Will food prices be that proverbial straw?

Also think about the new ethanol production methods that are being developed.

The old "brew in an open vat and distill over an open fire" isn't going to be the only method of production for long.

New production methods have the potential for increasing yield and reducing the amount of energy required to turn out a gallon of ethanol.

As demand advances, production methods also advance.

A good example is penicillin.

At the beginning of WW II the corn agar vat process was brand new. It required something like 5 days and 30 tons of agar just to produce 1 ton of penicillin.

By 1945 that was down to something like 1 day and 10 tons to produce 3 tons of penicillin.

Ultimately, is ethanol the "answer" to all of our energy needs?

No. Anyone who believes that is an idiot.

But is ethanol a potentially viable method of reducing our dependence on foreign oil?

Yeah, it is.
 
Here is a site that has a good chart on the btu output of various forms of fuel.

http://en.wikipedia.org/wiki/Gasoline

While we have spoken at length on the merits or demerits of ethanol we have yet to address what the political implications of escalating food costs will be. Could we see food riots in this country and general discontent which would threaten the very fabric of the republic?
 
Also think about the new ethanol production methods that are being developed.

Yes, there are great hopes for ethanol from algae

Recent announcements about Algae-to-Biodiesel are looking very interesting, and potentially vastly superior to crop-based options in many ways.
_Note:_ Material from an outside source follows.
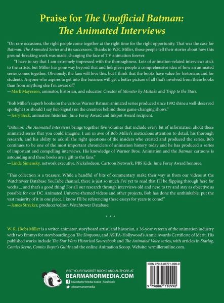 "On rare occasions, the right people come together at the right time for the right opportunity. That was the case for Batman: The Animated Series and its successors. Thanks to W.R. Miller, those people tell their stories about how this ground-breaking work was made, changing the face of TV animation forever. "I have to say that I am extremely impressed with the thoroughness. Lots of animation-related interviews stick to the artists, but Miller has gone way beyond that and he's given people a comprehensive idea of how an animated series comes together. Obviously, the fans will love this, but I think that the books have value for historians and for students. Anyone who aspires to get into the business will get a better picture of all that's involved from these books than from anything else I'm aware of." -Mark Mayerson, animator, historian, and educator. Creator of Monster by Mistake and Tripp to the Stars. "Bob Miller's superb books on the various Warner Batman animated series produced since 1992 shine a well-deserved spotlight (or should I say Bat-Signal) on the creatives behind these game-changing shows." -Jerry Beck, animation historian. June Foray Award and Inkpot Award recipient. "Batman: The Animated Interviews brings together five volumes that include every bit of information about these animated series that you could imagine. I am in awe of Bob Miller's meticulous attention to detail, his thorough research, and his ability to ask all the right questions of the insiders who created and produced the series. Bob continues to be one of the most important chroniclers of animation history today and he has produced a series of important and compelling interviews. His knowledge of Warner Bros. Animation and the Batman cartoons is astounding and these books are a gift to the fans." -Linda Simensky, network executive, Nickelodeon, Cartoon Network, PBS Kids. June Foray Award honoree. "This collection is a treasure. While a handful of bits of commentary make their way in from our videos at the Watchtower Database YouTube channel, there is just so much I've yet to read that I'll be flipping through here for weeks ... and that's a good thing! For all our research through interviews old and new, to try and stay as objective as possible for our DC Animated Universe-themed videos and other projects, Bob has done the unthinkable: put the vast majority of it in one place. I know I'll be referencing these essays for years to come!" -James Strecker, producer/editor, Watchtower Database. * * * W. R. (Bob) Miller is a writer, animator, storyboard artist, and historian, a 36-year veteran of the animation industry with two Emmys for storyboarding on The Simpsons, and ASIFA-Hollywood's Annie Awards Certificate of Merit. His published works include The Star Wars Historical Sourcebook and The Animated Voice series, with articles in Starlog, Comics Scene, Comics Buyer's Guide and the online Animation Scoop. Website: wrmilleronline.com.

Said to be up to or over 500 times more productive per acre than corn, algae would solve the competition-for-food dilemma, but also the serious soil mining and desertification issue that the mainstream media has been slow to pick up on to date.

A New Zealand company, Aquaflow Bionomic, recently demonstrated the successful development of it’s B5 Fuel Blend in the country’s capital, and Solix in conjunction with the Colarado State University are developing their own Algae-to-Biodiesel process.

With the incredibly rapid rate of construction of new corn ethanol plants, and the great deal of uncertainty (unlikelihood?) that politicians will heed Lester Brown’s warnings, could someone please light a fire under these Algae-to-Biodiesel companies?

Read the articles that are linked there and you find that ...

China gets it:

http://ipsnews.net/news.asp?idnews=35910

…worried over surging crop prices China is now clamping down on the use of corn and other edible grains for producing biofuel. While it wants to support the growth of alternative energy sources, Beijing says the issue of national food security should take precedence over the country’s green agenda.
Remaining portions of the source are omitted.